The problem → Ignoring pictures, transcribe exactly the lines between the one containing "To support privacy" and the end of the material, both included.

── Data segment ──

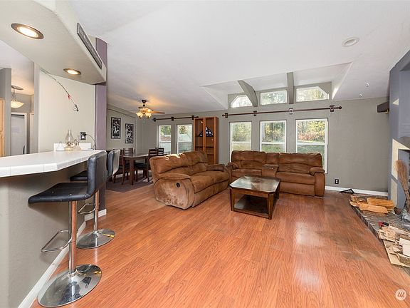 Three-bedroom, 2 full bath home on just shy of an acre w/SHOP & covered carport in the beautiful Jordan River Trails Community in Arlington. This will not last! The home features an open floor concept w/inviting covered front porch, vaulted ceilings, wood stove, large kitchen w/island & extra windows in living area to enjoy gorgeous views of backyard & greenbelt. Primary bedroom w/private bath has double sink & soaker tub plus attached office/nursery. A deep clean, new carpet, interior paint, a little maintenance & this amazing property will shine. Fully fenced front & back yard. Garden area and so much more! Enjoy the Community barn clubhouse, outdoor swimming pool, park w/trails, river access, sports courts & playground.
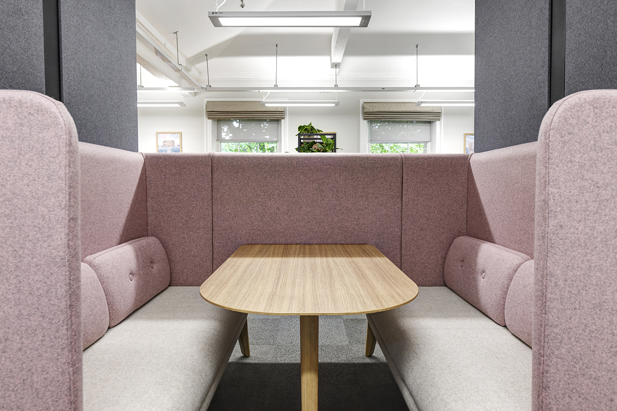 To support privacy and focused work, dedicated quiet spaces included single pods for video calls and a mixture of Orangebox Camper & Dens and Air collaborative pods. These meeting pods help define space, absorb noise, and offer comfortable, distraction-free environments for users both inside and nearby. All zones were kitted out with appropriate electrical charging points to support phone and laptop charging.
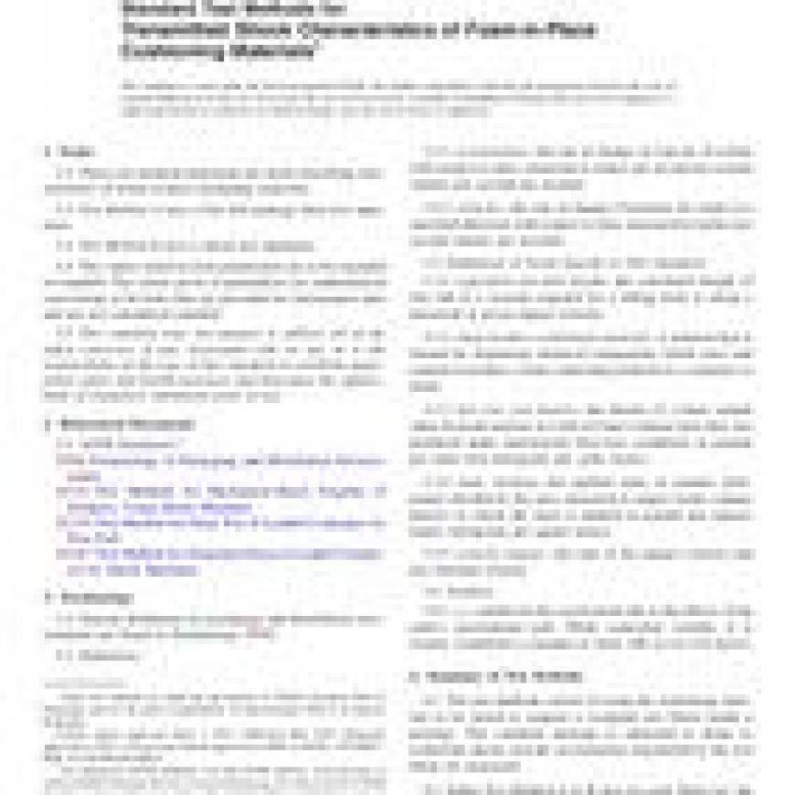 Standard Test Methods for Transmitted Shock Characteristics of Foam-in-Place Cushioning Materialsstandard by ASTM International, 04/01/2015

───

Answer to the problem →
 To support privacy and focused work, dedicated quiet spaces included single pods for video calls and a mixture of Orangebox Camper & Dens and Air collaborative pods. These meeting pods help define space, absorb noise, and offer comfortable, distraction-free environments for users both inside and nearby. All zones were kitted out with appropriate electrical charging points to support phone and laptop charging.
 Standard Test Methods for Transmitted Shock Characteristics of Foam-in-Place Cushioning Materialsstandard by ASTM International, 04/01/2015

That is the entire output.